The program will include a series of lectures on a variety of topics on the theme of “New Perspectives on Jewish-Christian Relations” and will feature YU’s acclaimed professors and scholars: Dr. Mordechai Z. Cohen, professor of Bible and associate dean at Revel; Rabbi Jacob J. Schacter, professor of Jewish history and Jewish thought at YU; Dr. Elisheva Carlebach, Salo Baron Professor of Jewish History, Culture and Society at Columbia University and senior adjunct professor at YU; and Dr. David Berger, Ruth and I. Lewis Gordon Professor of Jewish History and Dean of Revel. Berger will keynote the event and discuss “Jewish Studies and Judaism: Personal Reflections on a Career in Academic Jewish Scholarship.” He will be introduced by Yeshiva University President Richard M. Joel.

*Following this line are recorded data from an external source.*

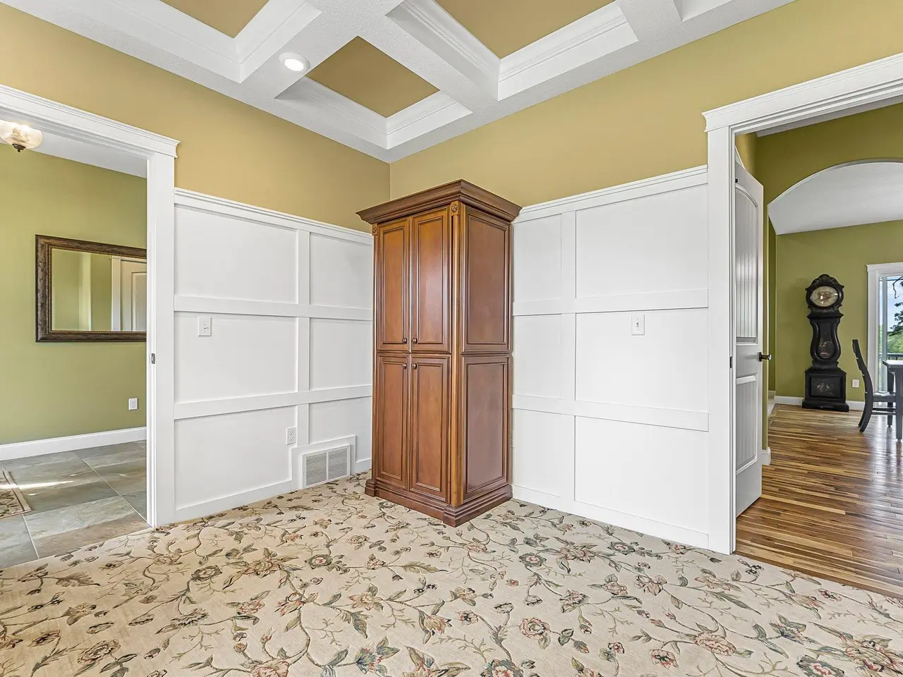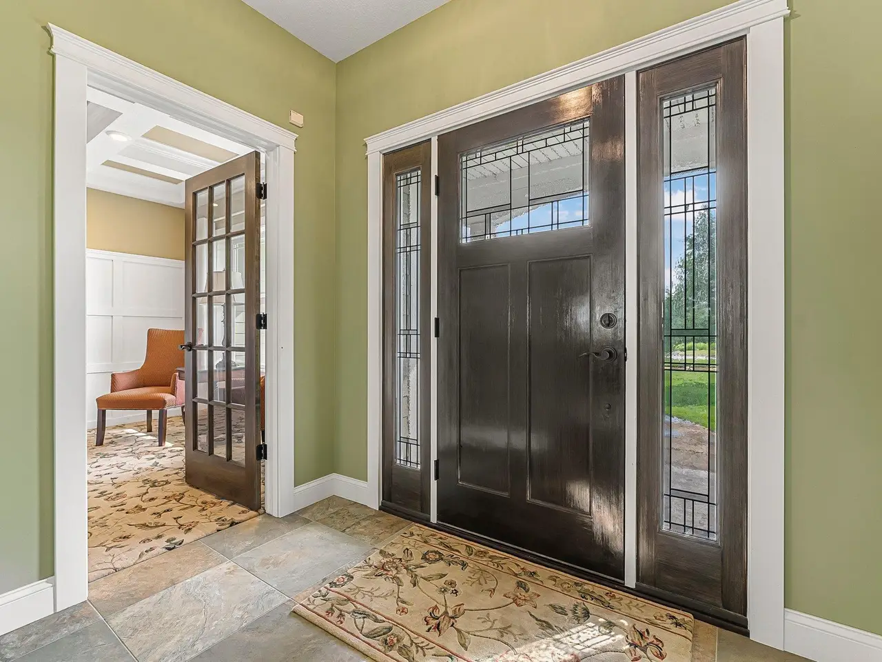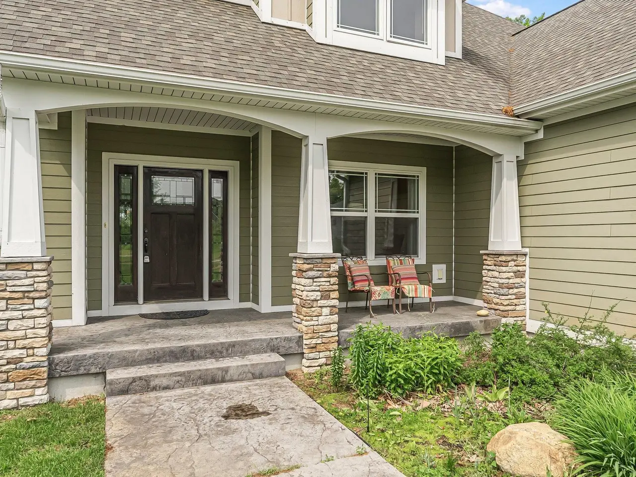 Experience luxury lakefront living in this stunning 5-bedroom, 4.5-bath home on Huellmantel Lake, featuring vaulted ceilings, breathtaking water views, and an open-concept living room. The gourmet kitchen offers top-of-the-line Wooden Hammer cabinetry, granite countertops, and a spacious island, along with an elegant foyer, mudroom, and main floor laundry. Enjoy two private office spaces, a main-level en suite, and a walk-out lower level with a large family room and wet bar. Complete with a 3-car garage and private lake frontage, this home combines comfort, style, and an unbeatable setting.
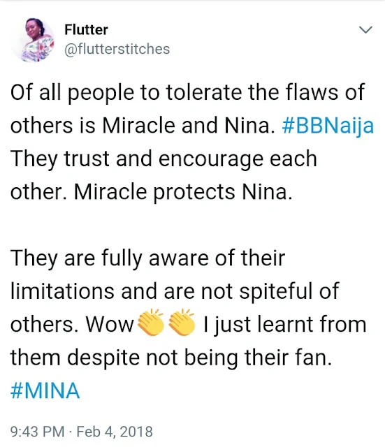 So I saw the kiss between @Nina and @Miracle...okey,we dey here dey wait...I just dey fear this show...
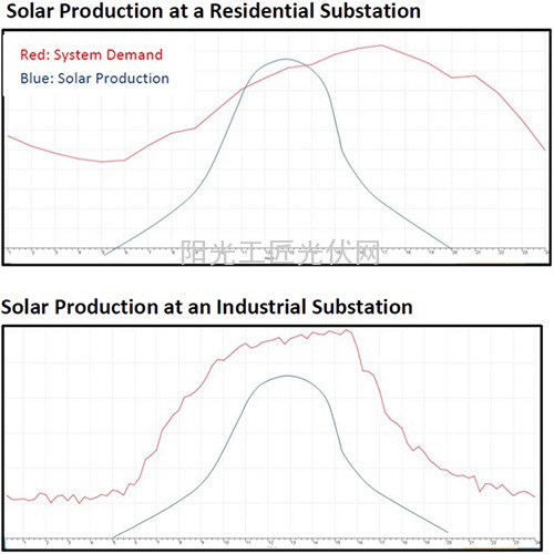 图1:光伏发电(蓝线)与电力需求(红线)的比较。上:住宅附近的变电站(住宅需求与光伏发电不均衡),下:工厂附近的变电站(工厂需求与光伏发电均衡)(出处:Steele-Waseca Cooperative Electric)
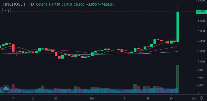바이낸스 기준 1inch Network 가격은 약 6.8 USDT입니다 원화로 계산하면 약 7,956원입니다
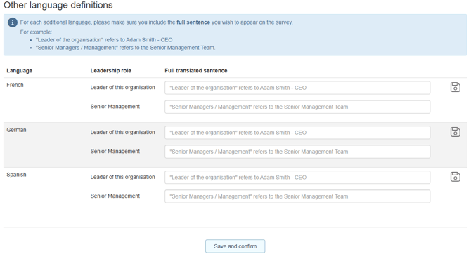Once you have completed the "Upload your People Data" task please navigate to the "About your company" task and check the Leadership Definitions section. Here you will see an additional section has unlocked where you can provide other language definitions for Leader and Senior Managers.

Revel, which was established in 1937, has “greatly enhanced its faculty and offerings in central fields of study over the past few years,” said Berger. “These fields include Sephardic studies, Bible, Jewish history and Jewish philosophy. Along with a vibrant masters program, the doctoral program has more than doubled in size with an infusion of outstanding young men and women.”

Cohen, who has taught at Revel for more than 20 years, will also serve as scholar in residence at The Jewish Center over Shabbat, March 16-17.

“As Revel enters its fourth quarter-century, we are continually improving our program with an eye to the future of the Jewish community,” said Cohen. “The events we are holding at the Jewish Center are designed to illustrate the critical contribution of academic Jewish scholarship to the vibrancy of modern Orthodoxy.”